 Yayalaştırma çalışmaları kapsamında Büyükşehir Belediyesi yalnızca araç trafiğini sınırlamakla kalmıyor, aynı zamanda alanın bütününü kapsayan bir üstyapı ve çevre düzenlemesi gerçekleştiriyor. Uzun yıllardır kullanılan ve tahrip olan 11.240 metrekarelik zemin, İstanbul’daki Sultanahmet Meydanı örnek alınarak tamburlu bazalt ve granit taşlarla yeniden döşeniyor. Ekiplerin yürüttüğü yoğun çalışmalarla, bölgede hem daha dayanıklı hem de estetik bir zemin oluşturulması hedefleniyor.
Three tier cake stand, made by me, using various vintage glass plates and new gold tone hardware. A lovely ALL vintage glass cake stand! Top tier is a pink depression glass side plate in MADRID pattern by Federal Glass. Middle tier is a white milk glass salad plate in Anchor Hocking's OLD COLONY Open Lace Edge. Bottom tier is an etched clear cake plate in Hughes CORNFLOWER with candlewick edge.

...

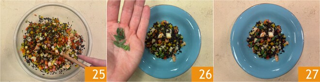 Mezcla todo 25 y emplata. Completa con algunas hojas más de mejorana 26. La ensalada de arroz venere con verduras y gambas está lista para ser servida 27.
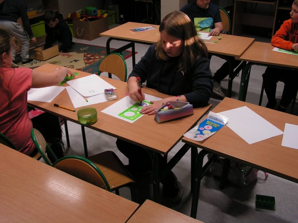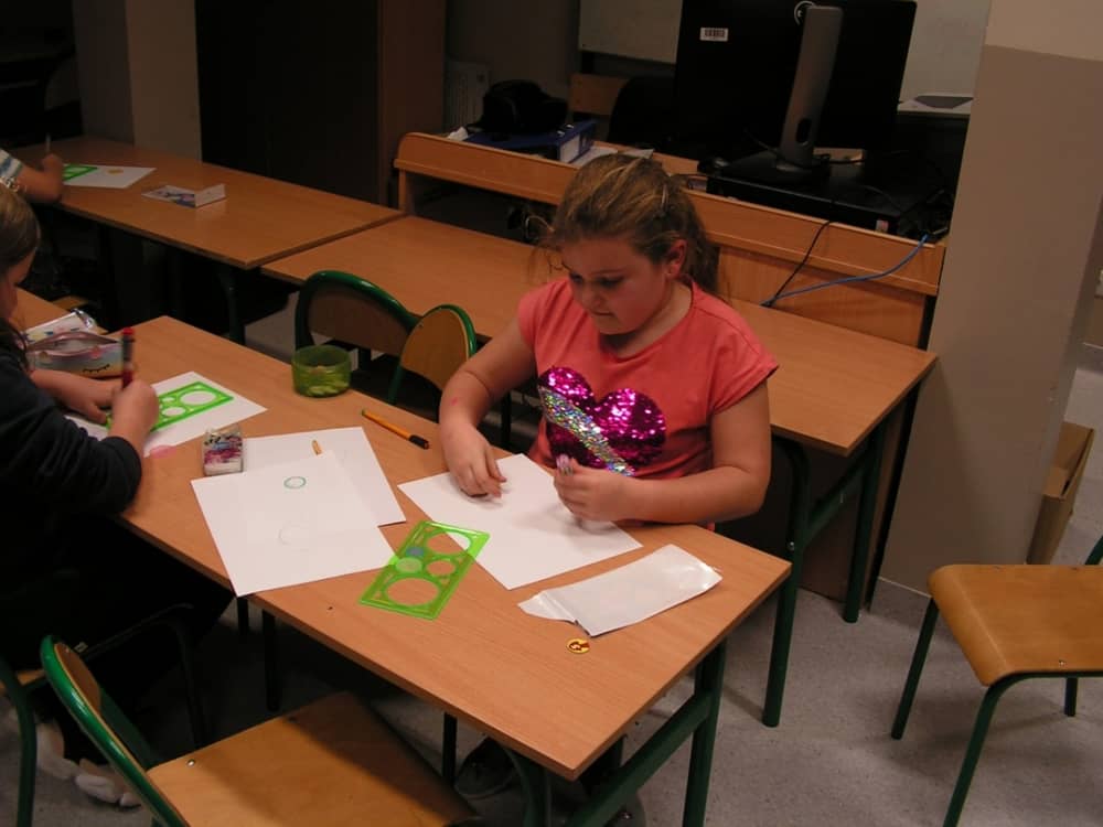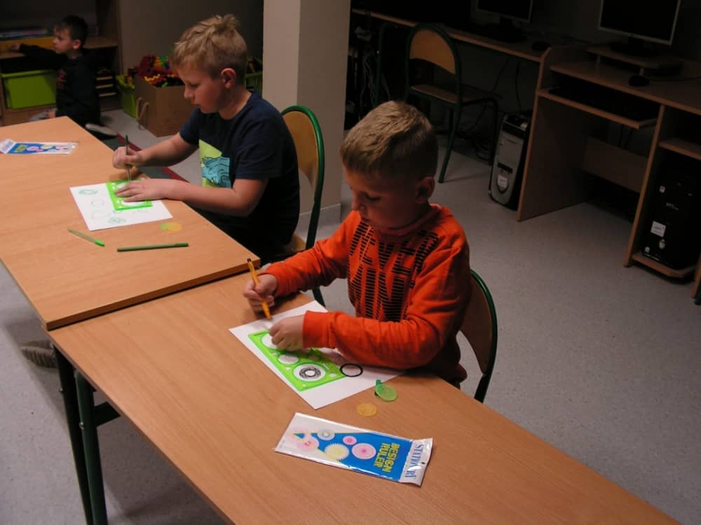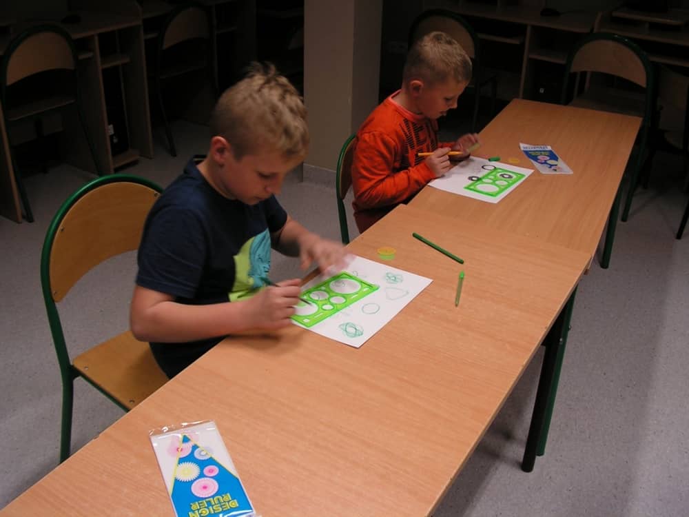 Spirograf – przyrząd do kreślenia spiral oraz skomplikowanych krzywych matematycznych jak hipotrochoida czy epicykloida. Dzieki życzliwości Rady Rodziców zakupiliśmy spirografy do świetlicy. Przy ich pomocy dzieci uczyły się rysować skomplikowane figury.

▶ [What this task involves] Your copy should hold the lines from the one with "Mezcla todo 25" up to and including the one with "Spirograf – przyrząd", exactly as in the data above, and no pictures.

▶ [Solved exercise]
 Mezcla todo 25 y emplata. Completa con algunas hojas más de mejorana 26. La ensalada de arroz venere con verduras y gambas está lista para ser servida 27.
 Spirograf – przyrząd do kreślenia spiral oraz skomplikowanych krzywych matematycznych jak hipotrochoida czy epicykloida. Dzieki życzliwości Rady Rodziców zakupiliśmy spirografy do świetlicy. Przy ich pomocy dzieci uczyły się rysować skomplikowane figury.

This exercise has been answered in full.